After the funeral, our late pastor's body was taken to St. Louis for burial in the priests' section of Calvary Cemetery. Mom and Dad let me make the trip, so that I could be present for the interment. I expected to see all kinds of church dignitaries, but there was not a single one. Only a handful of people were present, so few that I was enlisted to help carry the coffin from hearse to grave.
A few weeks later a new pastor arrived at St. Mary's: a former army chaplain named Father Bernard Mers. He was a nice guy: fatherly toward me, friendly toward Mom and Dad, and helpful in the arrangements for Marg's marriage that fall.
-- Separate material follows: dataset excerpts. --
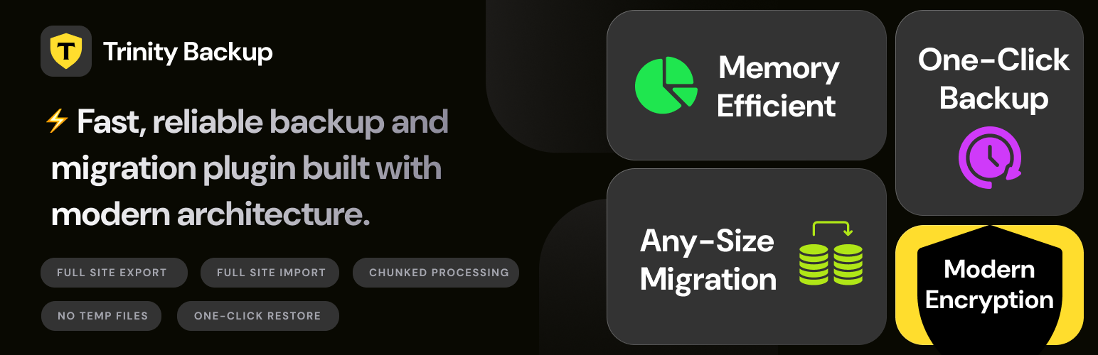 wordpress.org/plugins/trinity-backupBackup, migrate, clone, and restore WordPress sites of any size. Scheduled, pre-update backups, email notifications, WP-CLI, white label, encryption.
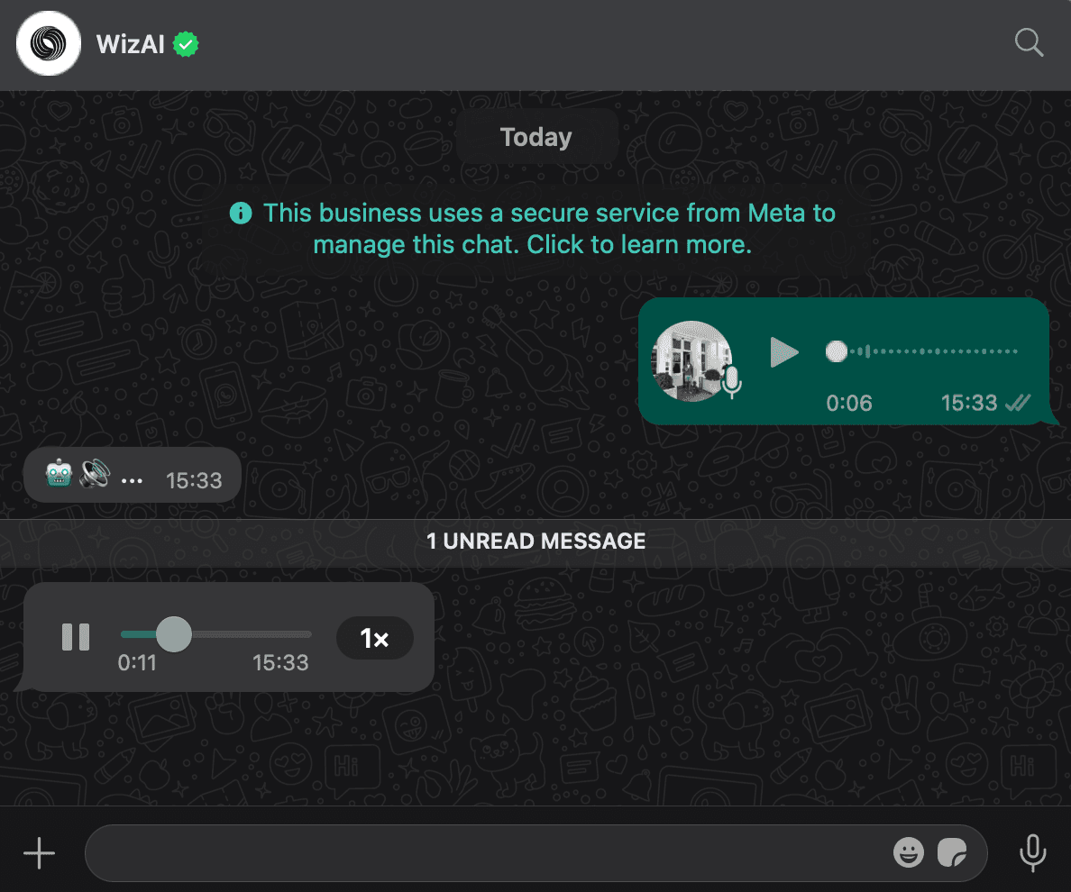 Upgrade your WhatsApp chats with WizAI's voice messaging feature. Hands-free, personalized, and accessible Artificial Intelligence communication on the go!
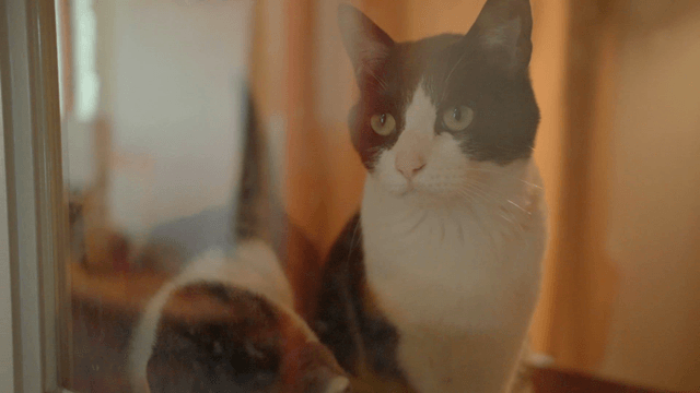 Curious cat looking through a window
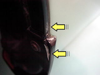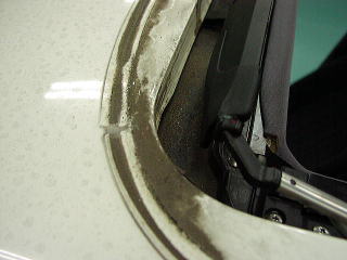 ![]() 砂・汚れ・鉄粉を取り除いた状態です バイザーゴム部と接触していた部分にキズが入り 黄ばんでいます。磨きでも若干残ってしまうかも。 |
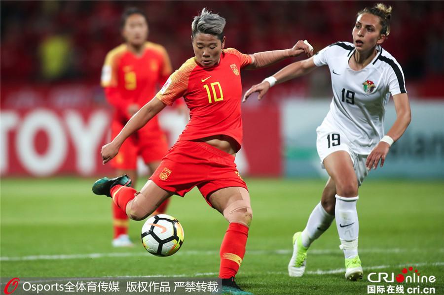 2018年4月13日,2018年女足亚洲杯小组赛:中国女足8:1胜约旦女足,王霜戴帽李影双响助女足大胜晋级。 (Osports全体育传媒 版权作品 严禁转载)
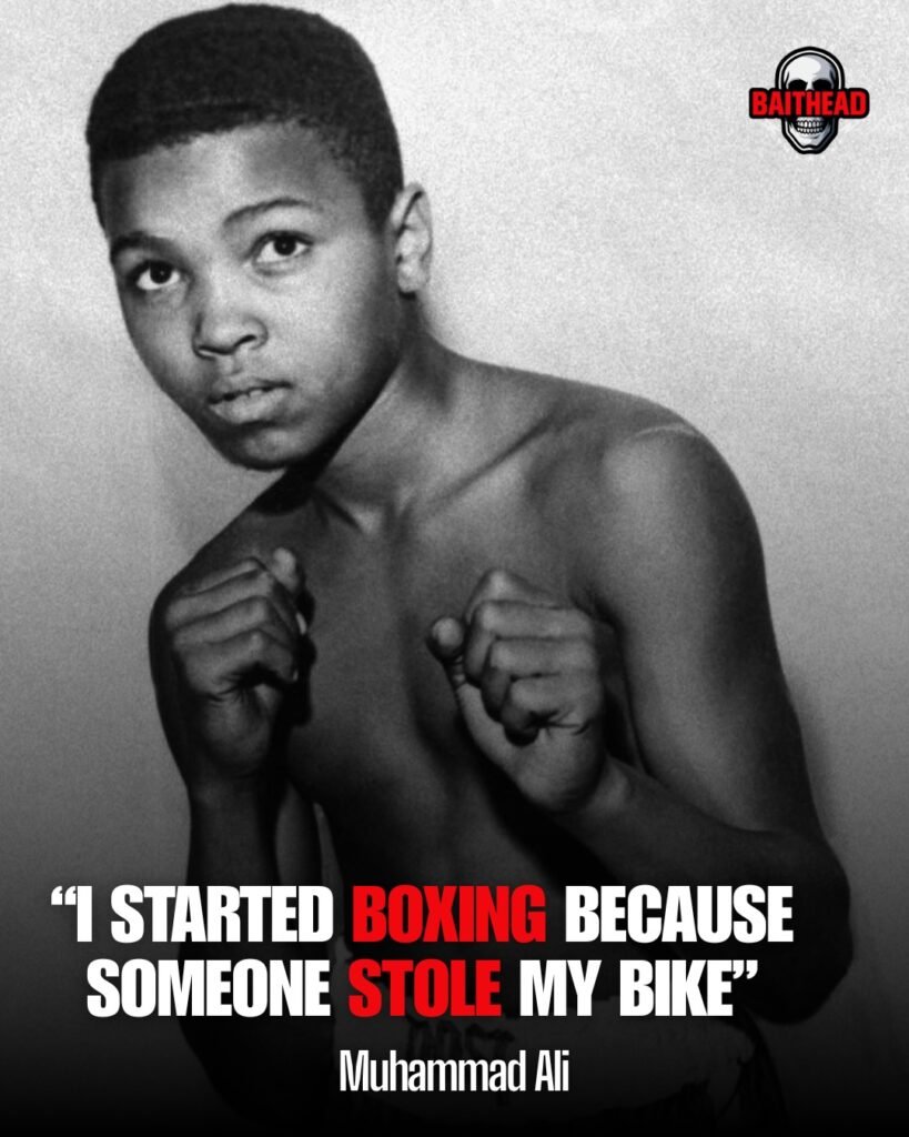 The image is simple, powerful, and timeless. A young Muhammad Ali stands bare-chested, fists raised, eyes alert with a mix of innocence and resolve. Beneath him, a quote that sounds almost casual in its honesty: “I started boxing because someone stole my bike.” What appears at first like a humorous origin story unfolds into a profound lesson about how life often redirects pain into purpose.

Father Mers encouraged my studies for the priesthood, which I continued for a further five years.
Even so, Father Drimped's death, and the contrast between how local parishioners responded to it and how church officials did, marked a turning point in my attitude toward Catholicism and toward life itself. Little by little I came to understand the distinction between people and institutions, and to accept Father Drimped's priority on the first of these. Following rules is no substitute for caring. Better to call one person by name and respond to his or her concerns than to lecture a crowd on abstract principles.
Accepting this great truth and putting it into practice are, of course, two different things. As hundreds of university students can attest, I still lecture a lot.